Everything in the data below except the pictures must be repeated word for word.

» **Available data**:
Start of Block
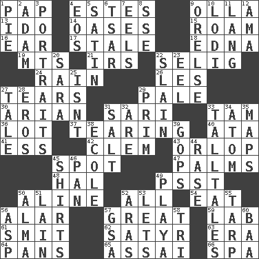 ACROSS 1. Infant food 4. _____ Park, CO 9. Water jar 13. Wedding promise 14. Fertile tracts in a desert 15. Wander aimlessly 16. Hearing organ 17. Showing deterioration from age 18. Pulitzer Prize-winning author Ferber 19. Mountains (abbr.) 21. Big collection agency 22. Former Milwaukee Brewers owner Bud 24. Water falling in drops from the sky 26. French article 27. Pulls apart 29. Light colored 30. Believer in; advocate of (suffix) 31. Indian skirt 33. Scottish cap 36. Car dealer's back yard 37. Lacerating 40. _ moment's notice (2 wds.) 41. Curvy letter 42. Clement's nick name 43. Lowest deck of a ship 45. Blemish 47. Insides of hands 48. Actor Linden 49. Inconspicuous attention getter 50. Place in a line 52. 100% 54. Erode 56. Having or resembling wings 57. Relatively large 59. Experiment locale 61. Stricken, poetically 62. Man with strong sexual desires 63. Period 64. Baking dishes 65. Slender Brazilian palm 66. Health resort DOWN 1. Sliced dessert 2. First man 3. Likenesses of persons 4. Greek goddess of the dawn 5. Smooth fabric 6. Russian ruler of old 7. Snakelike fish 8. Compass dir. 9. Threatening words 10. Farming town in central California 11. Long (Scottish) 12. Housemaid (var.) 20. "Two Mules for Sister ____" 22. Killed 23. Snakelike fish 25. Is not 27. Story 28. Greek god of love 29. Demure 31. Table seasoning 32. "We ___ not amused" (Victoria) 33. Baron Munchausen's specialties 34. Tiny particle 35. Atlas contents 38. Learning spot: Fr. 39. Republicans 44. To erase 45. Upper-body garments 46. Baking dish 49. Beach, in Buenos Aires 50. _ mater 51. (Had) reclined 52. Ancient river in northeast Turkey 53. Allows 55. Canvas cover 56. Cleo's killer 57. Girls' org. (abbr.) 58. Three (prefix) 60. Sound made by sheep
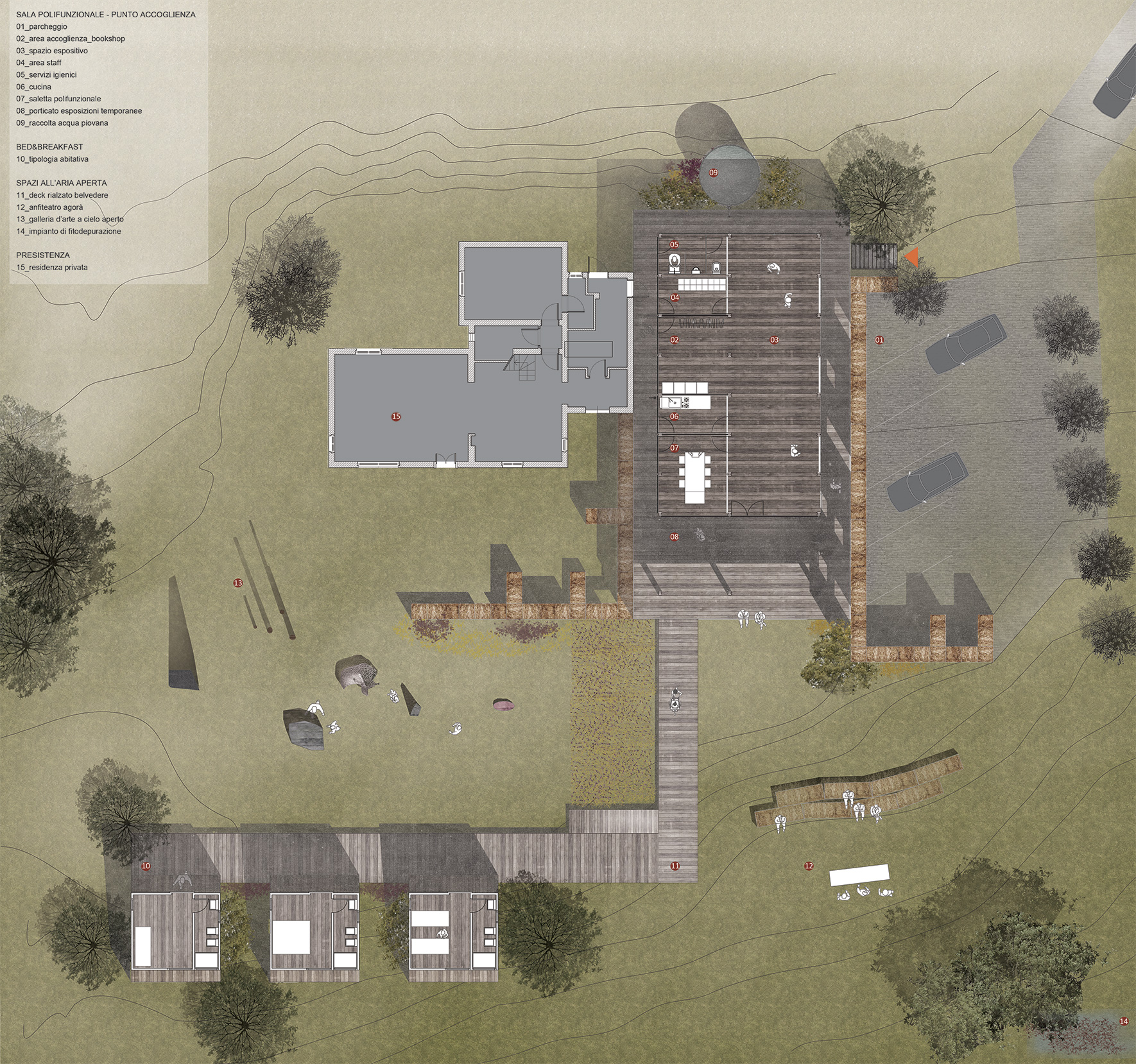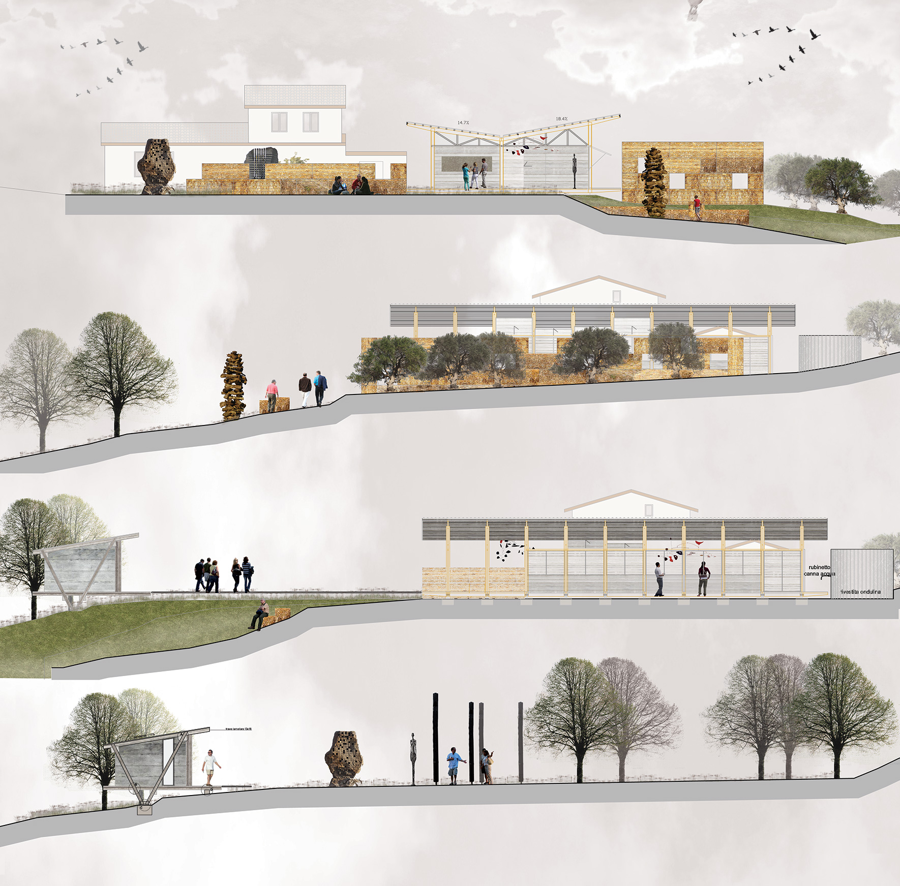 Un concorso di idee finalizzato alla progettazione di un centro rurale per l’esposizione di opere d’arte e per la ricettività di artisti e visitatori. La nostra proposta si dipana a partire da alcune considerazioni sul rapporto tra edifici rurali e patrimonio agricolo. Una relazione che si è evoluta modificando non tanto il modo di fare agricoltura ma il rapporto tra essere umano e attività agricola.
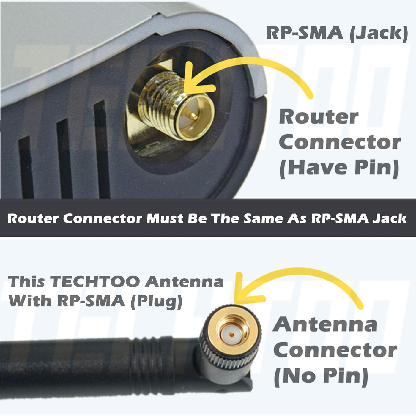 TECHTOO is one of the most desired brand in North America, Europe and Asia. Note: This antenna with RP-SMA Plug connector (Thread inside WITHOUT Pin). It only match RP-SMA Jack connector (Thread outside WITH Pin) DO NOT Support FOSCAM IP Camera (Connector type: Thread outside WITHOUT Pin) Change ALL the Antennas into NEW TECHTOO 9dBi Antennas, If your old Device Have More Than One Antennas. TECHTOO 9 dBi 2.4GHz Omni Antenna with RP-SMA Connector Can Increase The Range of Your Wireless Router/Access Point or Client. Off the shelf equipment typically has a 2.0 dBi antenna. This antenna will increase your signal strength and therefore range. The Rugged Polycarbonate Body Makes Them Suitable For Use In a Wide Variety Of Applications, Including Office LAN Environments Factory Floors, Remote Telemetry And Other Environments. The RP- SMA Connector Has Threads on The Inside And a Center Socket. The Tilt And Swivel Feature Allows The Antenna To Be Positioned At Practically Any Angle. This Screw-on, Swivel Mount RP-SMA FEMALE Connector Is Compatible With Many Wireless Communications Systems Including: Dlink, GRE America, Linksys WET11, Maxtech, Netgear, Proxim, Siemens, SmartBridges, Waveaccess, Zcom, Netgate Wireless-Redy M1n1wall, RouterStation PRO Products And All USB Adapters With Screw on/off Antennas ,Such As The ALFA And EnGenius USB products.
End of Block
» **Your response**:
 ACROSS 1. Infant food 4. _____ Park, CO 9. Water jar 13. Wedding promise 14. Fertile tracts in a desert 15. Wander aimlessly 16. Hearing organ 17. Showing deterioration from age 18. Pulitzer Prize-winning author Ferber 19. Mountains (abbr.) 21. Big collection agency 22. Former Milwaukee Brewers owner Bud 24. Water falling in drops from the sky 26. French article 27. Pulls apart 29. Light colored 30. Believer in; advocate of (suffix) 31. Indian skirt 33. Scottish cap 36. Car dealer's back yard 37. Lacerating 40. _ moment's notice (2 wds.) 41. Curvy letter 42. Clement's nick name 43. Lowest deck of a ship 45. Blemish 47. Insides of hands 48. Actor Linden 49. Inconspicuous attention getter 50. Place in a line 52. 100% 54. Erode 56. Having or resembling wings 57. Relatively large 59. Experiment locale 61. Stricken, poetically 62. Man with strong sexual desires 63. Period 64. Baking dishes 65. Slender Brazilian palm 66. Health resort DOWN 1. Sliced dessert 2. First man 3. Likenesses of persons 4. Greek goddess of the dawn 5. Smooth fabric 6. Russian ruler of old 7. Snakelike fish 8. Compass dir. 9. Threatening words 10. Farming town in central California 11. Long (Scottish) 12. Housemaid (var.) 20. "Two Mules for Sister ____" 22. Killed 23. Snakelike fish 25. Is not 27. Story 28. Greek god of love 29. Demure 31. Table seasoning 32. "We ___ not amused" (Victoria) 33. Baron Munchausen's specialties 34. Tiny particle 35. Atlas contents 38. Learning spot: Fr. 39. Republicans 44. To erase 45. Upper-body garments 46. Baking dish 49. Beach, in Buenos Aires 50. _ mater 51. (Had) reclined 52. Ancient river in northeast Turkey 53. Allows 55. Canvas cover 56. Cleo's killer 57. Girls' org. (abbr.) 58. Three (prefix) 60. Sound made by sheep
 Un concorso di idee finalizzato alla progettazione di un centro rurale per l’esposizione di opere d’arte e per la ricettività di artisti e visitatori. La nostra proposta si dipana a partire da alcune considerazioni sul rapporto tra edifici rurali e patrimonio agricolo. Una relazione che si è evoluta modificando non tanto il modo di fare agricoltura ma il rapporto tra essere umano e attività agricola.
 TECHTOO is one of the most desired brand in North America, Europe and Asia. Note: This antenna with RP-SMA Plug connector (Thread inside WITHOUT Pin). It only match RP-SMA Jack connector (Thread outside WITH Pin) DO NOT Support FOSCAM IP Camera (Connector type: Thread outside WITHOUT Pin) Change ALL the Antennas into NEW TECHTOO 9dBi Antennas, If your old Device Have More Than One Antennas. TECHTOO 9 dBi 2.4GHz Omni Antenna with RP-SMA Connector Can Increase The Range of Your Wireless Router/Access Point or Client. Off the shelf equipment typically has a 2.0 dBi antenna. This antenna will increase your signal strength and therefore range. The Rugged Polycarbonate Body Makes Them Suitable For Use In a Wide Variety Of Applications, Including Office LAN Environments Factory Floors, Remote Telemetry And Other Environments. The RP- SMA Connector Has Threads on The Inside And a Center Socket. The Tilt And Swivel Feature Allows The Antenna To Be Positioned At Practically Any Angle. This Screw-on, Swivel Mount RP-SMA FEMALE Connector Is Compatible With Many Wireless Communications Systems Including: Dlink, GRE America, Linksys WET11, Maxtech, Netgear, Proxim, Siemens, SmartBridges, Waveaccess, Zcom, Netgate Wireless-Redy M1n1wall, RouterStation PRO Products And All USB Adapters With Screw on/off Antennas ,Such As The ALFA And EnGenius USB products.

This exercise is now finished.